§ Exercise objective
Each line of the material below is to be written out exactly. Leave out any picture.

§ Data section
───
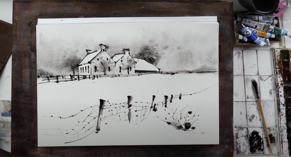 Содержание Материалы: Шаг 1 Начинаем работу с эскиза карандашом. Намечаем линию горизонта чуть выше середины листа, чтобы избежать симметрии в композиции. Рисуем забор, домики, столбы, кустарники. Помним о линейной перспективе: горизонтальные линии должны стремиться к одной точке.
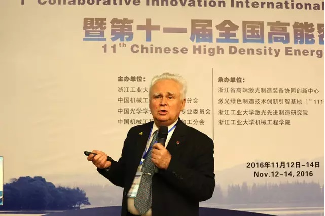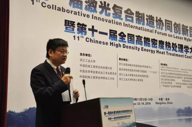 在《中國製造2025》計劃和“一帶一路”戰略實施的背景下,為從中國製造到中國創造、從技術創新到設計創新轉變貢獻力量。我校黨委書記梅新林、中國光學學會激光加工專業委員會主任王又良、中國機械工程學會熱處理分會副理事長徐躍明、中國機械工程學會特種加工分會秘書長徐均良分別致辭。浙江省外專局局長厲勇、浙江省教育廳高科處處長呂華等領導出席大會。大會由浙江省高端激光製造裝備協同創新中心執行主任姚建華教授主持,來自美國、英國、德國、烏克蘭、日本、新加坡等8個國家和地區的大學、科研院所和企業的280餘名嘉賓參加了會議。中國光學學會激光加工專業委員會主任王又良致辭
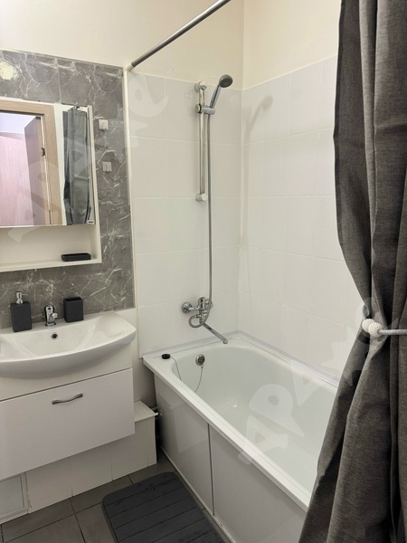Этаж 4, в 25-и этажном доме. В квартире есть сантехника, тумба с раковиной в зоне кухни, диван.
───
§ Written solution
 Содержание Материалы: Шаг 1 Начинаем работу с эскиза карандашом. Намечаем линию горизонта чуть выше середины листа, чтобы избежать симметрии в композиции. Рисуем забор, домики, столбы, кустарники. Помним о линейной перспективе: горизонтальные линии должны стремиться к одной точке.
 在《中國製造2025》計劃和“一帶一路”戰略實施的背景下,為從中國製造到中國創造、從技術創新到設計創新轉變貢獻力量。我校黨委書記梅新林、中國光學學會激光加工專業委員會主任王又良、中國機械工程學會熱處理分會副理事長徐躍明、中國機械工程學會特種加工分會秘書長徐均良分別致辭。浙江省外專局局長厲勇、浙江省教育廳高科處處長呂華等領導出席大會。大會由浙江省高端激光製造裝備協同創新中心執行主任姚建華教授主持,來自美國、英國、德國、烏克蘭、日本、新加坡等8個國家和地區的大學、科研院所和企業的280餘名嘉賓參加了會議。中國光學學會激光加工專業委員會主任王又良致辭
Этаж 4, в 25-и этажном доме. В квартире есть сантехника, тумба с раковиной в зоне кухни, диван.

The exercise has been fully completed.